Specifically, we could represent a non-numeric feature

with a single numeric feature by representing each category

with a distinct number.

According to this strategy, we would

assign each of the four categories

to integer values ranging from 1 to 4.

At first glance, this seems like a reasonable strategy,

and, in fact, using a single numerical feature

does preserve the ordering for ordinal features.

However, doing this introduces a notion

of closeness between the ordinal categories that

didn't previously exist.

Назначая числовые значения для категорных/ординарных фич, мы дезинформируем модель, добавляя несуществовавший ранее параметр «близости» между значениями.

Так не годится.

Входит One-hot-encoding.

Идея такая:
для каждой категории добавляется переменная, которая принимает значение 0 или 1 в зависимости от значения исходной фичи. Понять это проще на примере.

Фича «Страны», может принимать значения «Аргентина», «Франция», «США».

Имеем три разных значения для фичи.
Значит, создаем три переменные (фактически вектор) и задаем им значения в зависимости от значений исходной фичи.

Допустим, в первой записи наших данных указана страна Аргентина. Тогда наш вектор будет выглядеть так: [1, 0, 0].

Для Франции это будет [0, 1, 0].

Понятно, почему One-hot-encoding?

COMPUTING AND STORING OHE FEATURES

In this segment, we'll go through an example of how

to compute one-hot encoded, or OHE features,

and we'll then discuss how to efficiently store

these OHE features.

Рассмотрим пример, датасет из трех фич (животное, цвет, диета) и трех записей (мышка, черная, -), (сошка, полосатая, мышка), (медведь, черный, рыбка).

Creating OHE features is a two-step process

where the first step involves creating an OHE dictionary.

Первым делом надо посчитать количество кодируемых категорий. Три вида животных + два цвета + две диеты = семь категорий.

Это означает, что итоговая запись будет содержать 7 фич вместо 3 в исходном наборе.

Составим словарик — соответствие, пронумеруем значения: (животное, медведь) = 0; (животное, кошка) = 1; … (цвет, черный) = 3; ...

Итоговая запись кодируется просто: берем вектор из 7 ноликов и меняем 0 на 1 там, где присутствует одна из семи категорий.

Как можно заметить, данные получаются разреженными, сплошные нолики.

Note that for a given categorical feature, at most

a single OHE dummy feature is non-zero.

In other words, most of our OHE features are equal to 0,

or our OHE features are sparse.

Это дает возможность оптимизировать хранение/обработку (Sparse Vectors).

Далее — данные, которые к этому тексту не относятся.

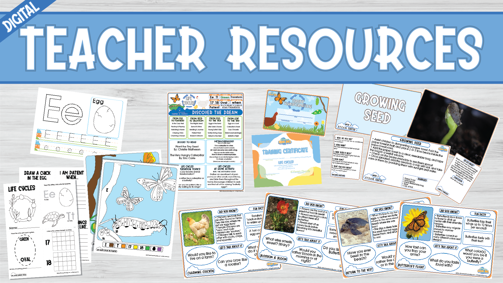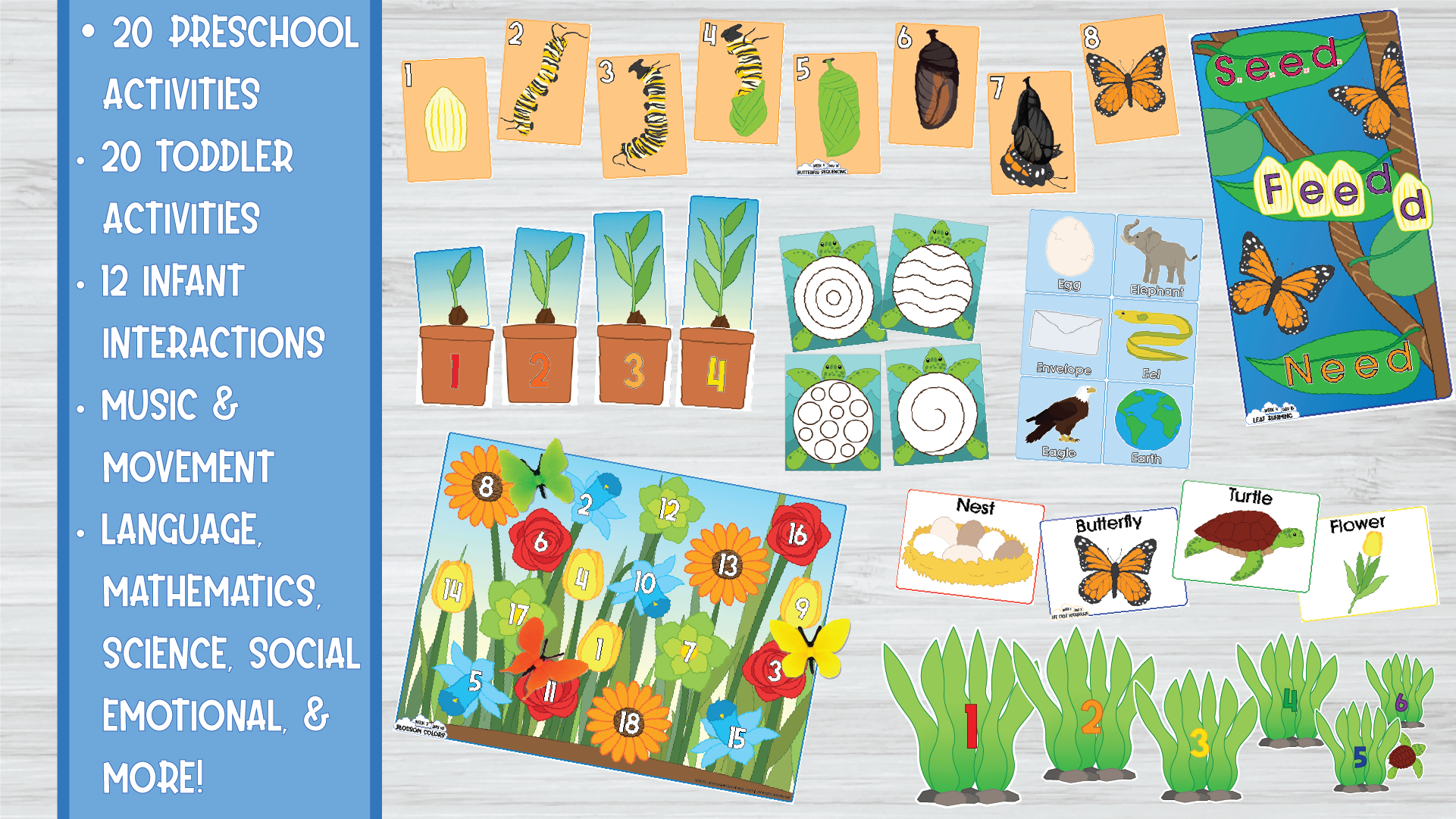 Teacher's Materials, Supplies for the number of children selected and Newsletter* included. From weekly topics to visual aides and concept display cards, each detailed lesson plan includes everything you need to journey through the months theme is PROVIDED for you.

an alternative way to store our features

is to store the indices and values for all non-zero entries

and assume that all other entries equal 0.

So back to our A1 example, this would

mean that we would store two tuples or a total of four

values.

In each of these tuples, the first component

is the feature index, and the second component

is the value of this feature.

При использовании Sparse Vectors экономия на хранении может быть весьма значительной, до двух порядков. Считать (умножать матрицы) тоже можно быстрее

Всё просто замечательно. Но только до некоторого предела.

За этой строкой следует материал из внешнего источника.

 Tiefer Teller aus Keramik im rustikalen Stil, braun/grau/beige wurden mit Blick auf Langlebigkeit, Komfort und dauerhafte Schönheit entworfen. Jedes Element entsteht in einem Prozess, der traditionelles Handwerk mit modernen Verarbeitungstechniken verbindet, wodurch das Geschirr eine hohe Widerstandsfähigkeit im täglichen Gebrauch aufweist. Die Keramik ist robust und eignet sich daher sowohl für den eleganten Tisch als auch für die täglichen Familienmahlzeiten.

В какой-то момент производных фич становится слишком много. Ибо в исходных данных слишком много категорий.
Это, кстати, характерно для задачи Click-through Rating.

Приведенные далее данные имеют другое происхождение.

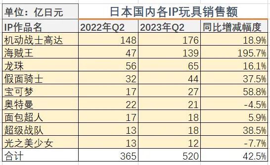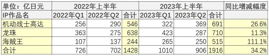经计算,上半年TOP3的IP销售总额1916亿日元,同比增长34.2%。其中,《机动战士高达》691亿日元,《龙珠》710亿日元,《海贼王》515亿日元,分别比上年同期增长26.6%、11.3%、111.1%。
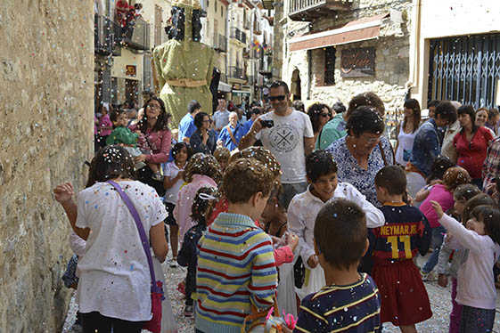 Els gegants de Morella, que desperten una gran expectació i admiració entre els més menuts, han estat l’element central de l’acte dirigit als xiquets i xiquetes que ha tingut lloc avui. La jornada s’ha iniciat amb un cercavila, que també ha comptat amb els cabuts i els Gaiteros de Morella i que ha tingut una grandíssima participació, de l’ajuntament fins a la Plaça de la Basílica, mentre que molts voluntaris llançaven caramels, serpentines o confeti.
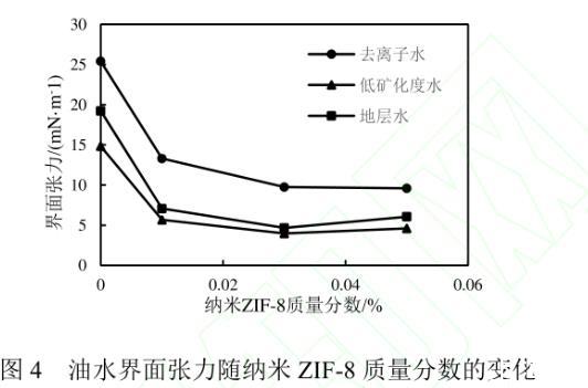 用不同礦化度水制備的納米ZIF-8流體與模擬油間的界面張力隨ZIF-8加量的變化如圖4所示。未加入納米粒子時(shí),3種礦化度水與原油間的界面張力分別為25.41、19.23和14.84 mN/m。適當(dāng)稀釋地層水的礦化度可以降低油水間界面張力,這與文獻(xiàn)報(bào)道的結(jié)果一致。添加0.01%~0.05%納米ZIF-8后,納米流體與原油間的界面張力均明顯降低。其中,納米ZIF-8加量為0.03%的低礦化度水的油水界面張力值為3.97 mN/m,比未添加ZIF-8時(shí)降低了73.25%。這是由于納米顆粒在油水間產(chǎn)生了層狀結(jié)構(gòu),使其在界面上排列更緊密,從而降低了油水界面張力。在模擬地層水中,油水界面張力隨納米ZIF-8加量的增加呈現(xiàn)先降低后增大的趨勢,在加量為0.03%時(shí)達(dá)到最低。當(dāng)ZIF-8加量為0.05%時(shí),流體的穩(wěn)定性變差,部分納米顆粒可能發(fā)生聚沉現(xiàn)象,導(dǎo)致降低油水界面張力能力減弱。

However, a consequence of OHE features

is that they drastically increase the dimensionality

of our data, as the number of features in an OHE

representation equals the total number of categories

in our data.

This is a major issue in the context of clickthrough rate

prediction, as our initial user, ad,

and publisher features include many names and a lot of text.

OHE features can be problematic whenever

we're working with text data.

For instance, as we discussed earlier in the course,

we often use a bag of words representation

to represent documents with a vocabulary of words.

There are over one million words in the English language alone,

and thus the size of our vocabulary

can be quite large, resulting in high dimensional

representation.

Additionally, we sometimes would like

to create a richer representation of our text data

by considering all pairs of adjacent words,

using a so-called bigram representation.

This bigram representation is similar in spirit

to the idea of quadratic features discussed earlier

in the course.

Bigram representations of text documents

result in even larger feature dimensionality.

Используя OHE, для работы с текстом понадобятся векторы размером в миллионы! И это не считая биграмм, не говоря уж о триграммах.

Высокая размерность фич приводит к статистическим проблемам: нам надо больше записей для обучения, зависимости в данных теряют выраженность, размываются по размерностям.

Вычислительные проблемы тоже надо учитывать: нужно больше хранилища, больше процессорного времени, толще каналы связи.

Входит Feature Hashing

Feature hashing provides an alternative method

for reducing the dimension of OHE features.

By using hashing principles, we can

create a lower dimensional feature representation

and completely skip the process of creating an OHE dictionary.

Feature hashing preserves the sparsity of OHE features,

and is motivated by theoretical arguments.

It's also worth noting that the feature hashing can

be interpreted as an unsupervised learning

method, which is performed as a pre-processing step

for a downstream supervised learning task.

Все, что нам надо знать про хеш в данном контексте, это то, что мы имеем фиксированное количество корзин (buckets) и хеш-функция кладет объект в одну из этих корзин.

In the context of feature hashing,

each feature category is an object,

and we have fewer buckets than feature categories.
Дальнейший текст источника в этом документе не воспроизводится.